Thus, data related to when and how often the end devices chirp and what pattern they use (as in melody/tunes or rhythm) is needed by both propagator nodes and smarter agile end devices to ensure that elements of the network can anticipate and hear chirps distinctly and without collocated interference on the same “channel” from other devices. (Note that in nature, bird chirps are often interleaved; birds are aware of each other and may actively avoid transmitting simultaneously.)

This data also gives propagator nodes the option to shift smarter, more agile chirp devices to other times.

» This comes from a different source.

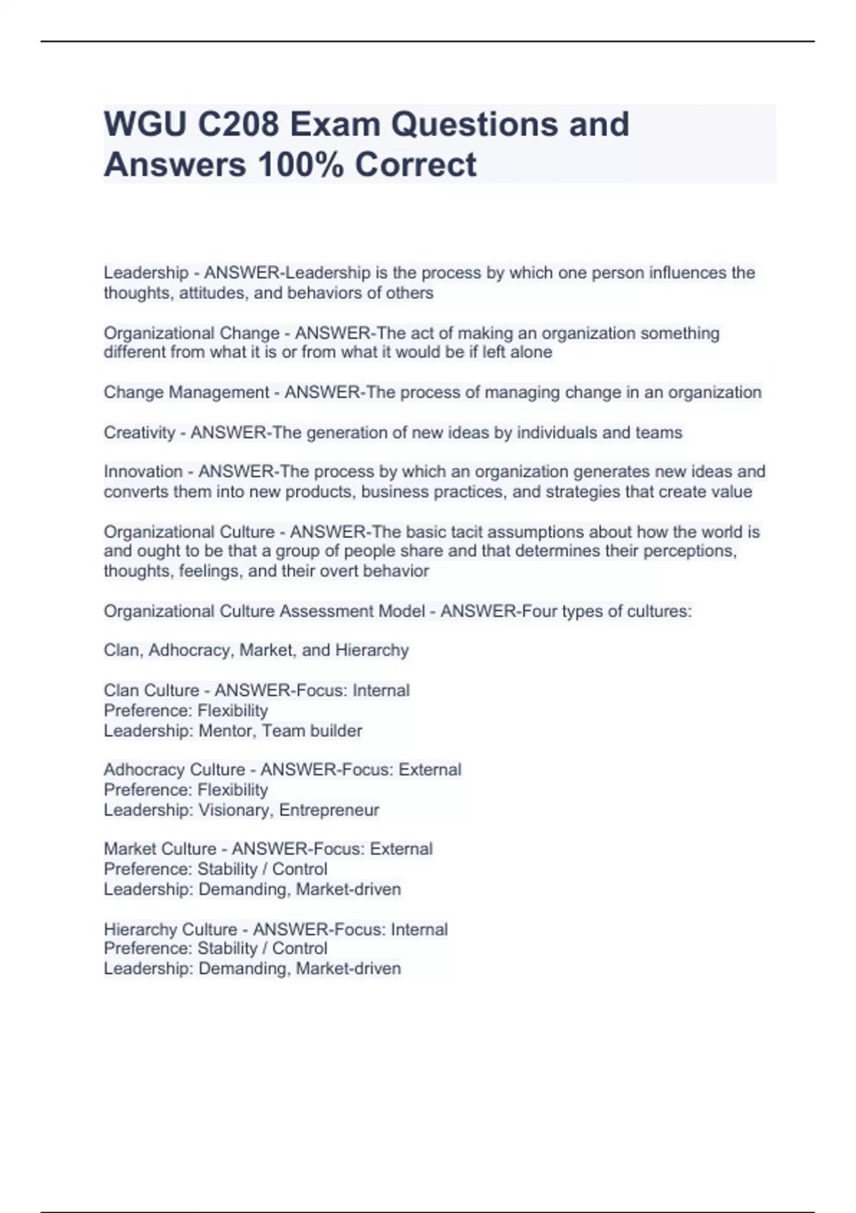 wgu c208 exam questions and answers 100 correct

Or the propagator node, after review of local client device transmission patterns, can forward a request for a change to the dipswitch settings of a simple end device. An indication of whether specific end devices support such flexibility is again part of the pattern marker. Thus, after some tuning, there may be sufficient distinction in the melodies so that propagator nodes can easily recognize individual end device “offspring” by their pattern of transmission.

Extensible, Nonunique, Pattern-driven

A broader view of the chirp architecture emerges. It contains patterns, defining other patterns, each of which provides a more refined level of detail. Defined levels of access to that detail can reveal:

  • What type (category)of chirp is being transported?

  • How often is this data published?

  • What is its publishing frequency pattern? (Perhaps it is dynamic or it may need observation over time, implying learning and discovery.)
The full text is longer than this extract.